(Dataset records)
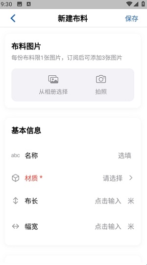 2、在对布料进行记录时,可以记录详细信息,比如材质,颜色,价格,尺寸等。
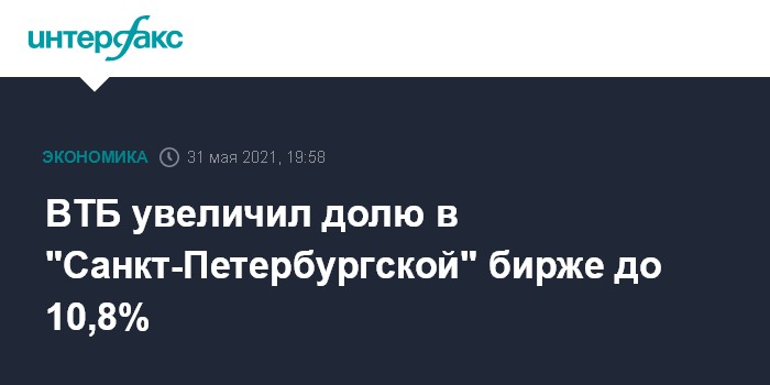 Москва. 31 мая. INTERFAX.RU - ВТБ увеличил долю в ПАО "Санкт-Петербургская биржа" с 5% до 10,8%, свидетельствуют материалы банка. Сделка датирована 28 мая, продавец акций не указан.
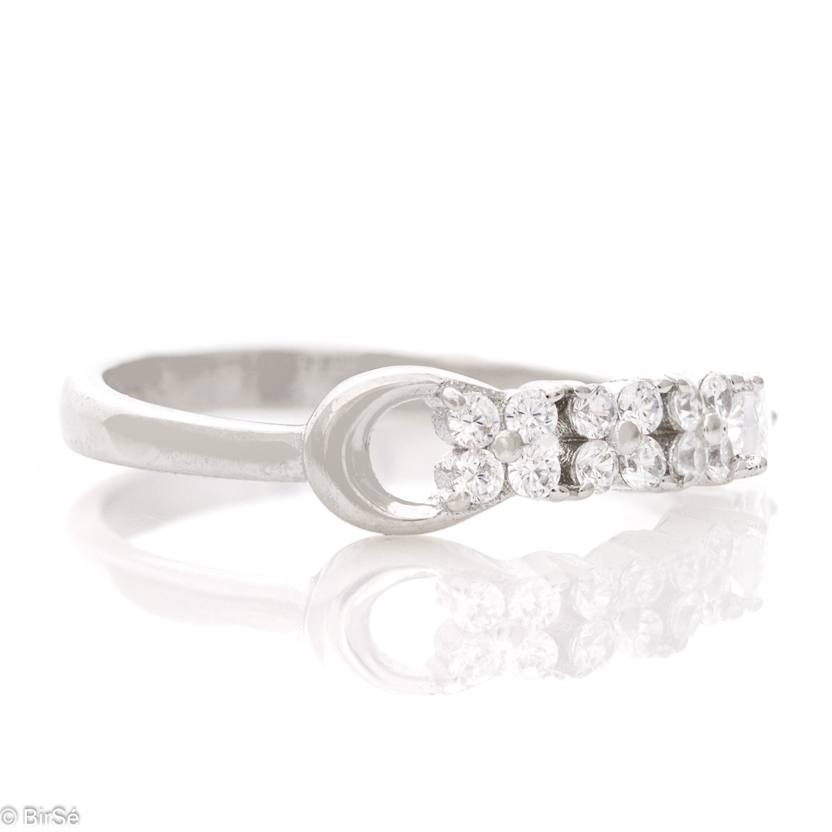 Елегантен дамски пръстен с изящна изработка от родирано сребро и сияйни циркони. Може да се комплектова с обеци на щифт от модела.
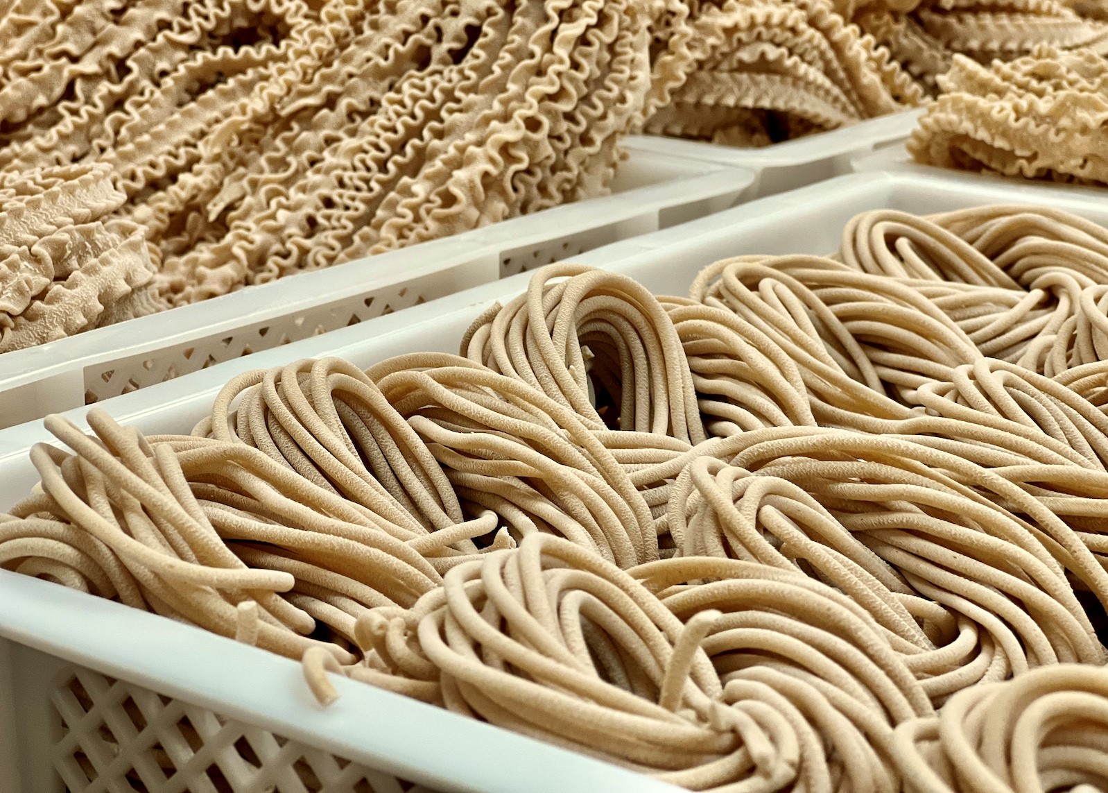 The pastas – made by owner Petra Orlowski using finely milled organic durum wheat flour from Central Milling in Utah and locally grown stone ground flour from Wisconsin's Meadowlark Organics – were extruded with Italian bronze dyes, leaving their exterior purposefully rough so that it catches every drop of tasty pasta sauce.
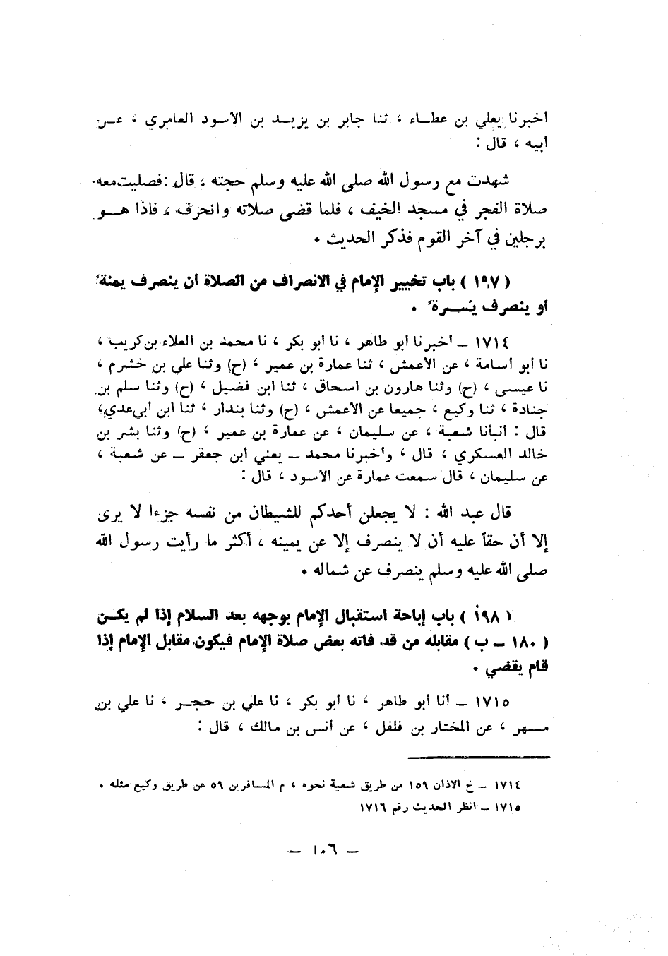 1714 - نا مُحَمَّدُ بْنُ الْعَلَاءِ بْنِ كُرَيْبٍ، نا أَبُو أُسَامَةَ، عَنِ الْأَعْمَشِ، ثنا عُمَارَةُ بْنُ عُمَيْرٍ، ح، وَثنا عَلِيُّ بْنُ خَشْرَمٍ، نا عِيسَى، ح، وَثنا هَارُونُ بْنُ إِسْحَاقَ، ثنا ابْنُ فُضَيْلٍ، ح، وَثنا سَلْمُ بْنُ جُنَادَةَ، ثنا وَكِيعٌ جَمِيعًا، عَنِ الْأَعْمَشِ، ح وَثنا بُنْدَارٌ، ثنا ابْنُ أَبِي عَدِيٍّ قَالَ: أَنْبَأَنَا شُعْبَةُ، عَنْ سُلَيْمَانَ، عَنْ عُمَارَةَ بْنِ عُمَيْرٍ، ح وَثنا بِشْرُ بْنُ خَالِدٍ الْعَسْكَرِيُّ قَالَ: وَأَخْبَرَنَا مُحَمَّدٌ يَعْنِي ابْنَ جَعْفَرٍ، عَنْ شُعْبَةَ، عَنْ سُلَيْمَانَ قَالَ: سَمِعْتُ عُمَارَةَ، عَنِ الْأَسْوَدِ قَالَ: قَالَ عَبْدُ اللَّهِ: «§لَا يَجْعَلَنَّ أَحَدُكُمْ لِلشَّيْطَانِ مِنْ نَفْسِهِ جُزْءًا , لَا يَرَى إِلَّا أَنَّ حَقًّا عَلَيْهِ أَنْ لَا يَنْصَرِفَ إِلَّا عَنْ يَمِينِهِ , أَكْثَرُ مَا رَأَيْتُ رَسُولَ اللَّهِ صَلَّى اللهُ عَلَيْهِ وَسَلَّمَ يَنْصَرِفُ عَنْ شِمَالِهِ»
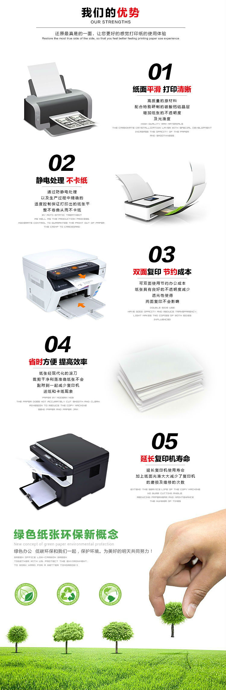 商品名称:绿钢炮 复印纸 A4-70g 8包/箱 230箱
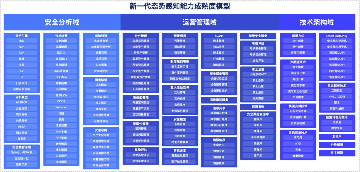 本次的战略升级特别提到了新一代态势感知建设成熟度模型。该模型是安恒信息结合6年态势感知实践,基于近3000家中大型企业的安全分析与运营实战提炼而成,从安全分析域、运营管理域以及技术架构域等3个层面、数十种安全能力维度,帮助政企进行新一代具备安全运营能力的态势感知建设和评估。
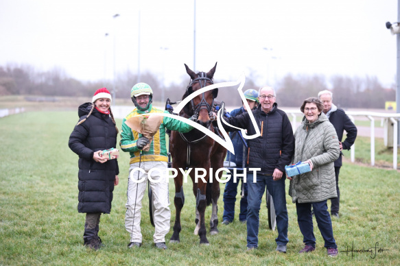 - Beskrivelse: Aalborg Væddeløbsbane Løbet vindes af HACIENDA med Henrik Lønborg. 1.17.5-handicap Spar Nord Arena-Aalborg Væddeløbsbane d. 14/12-2025. Fotograf: Hesselborg Foto
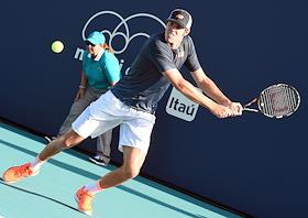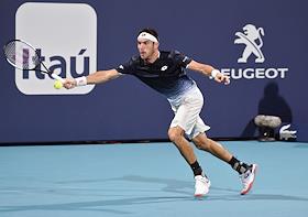 Теннисный турнир Miami Open 2019. Аргентинский теннисист Леонардо Майер во время матча.

### TASK DESCRIPTION
Take the lines from the first line of the entries through the line with "The pastas – made", inclusive, and give them again exactly, minus any pictures.

### ANSWER TO THIS TASK
 2、在对布料进行记录时,可以记录详细信息,比如材质,颜色,价格,尺寸等。
 Москва. 31 мая. INTERFAX.RU - ВТБ увеличил долю в ПАО "Санкт-Петербургская биржа" с 5% до 10,8%, свидетельствуют материалы банка. Сделка датирована 28 мая, продавец акций не указан.
 Елегантен дамски пръстен с изящна изработка от родирано сребро и сияйни циркони. Може да се комплектова с обеци на щифт от модела.
 The pastas – made by owner Petra Orlowski using finely milled organic durum wheat flour from Central Milling in Utah and locally grown stone ground flour from Wisconsin's Meadowlark Organics – were extruded with Italian bronze dyes, leaving their exterior purposefully rough so that it catches every drop of tasty pasta sauce.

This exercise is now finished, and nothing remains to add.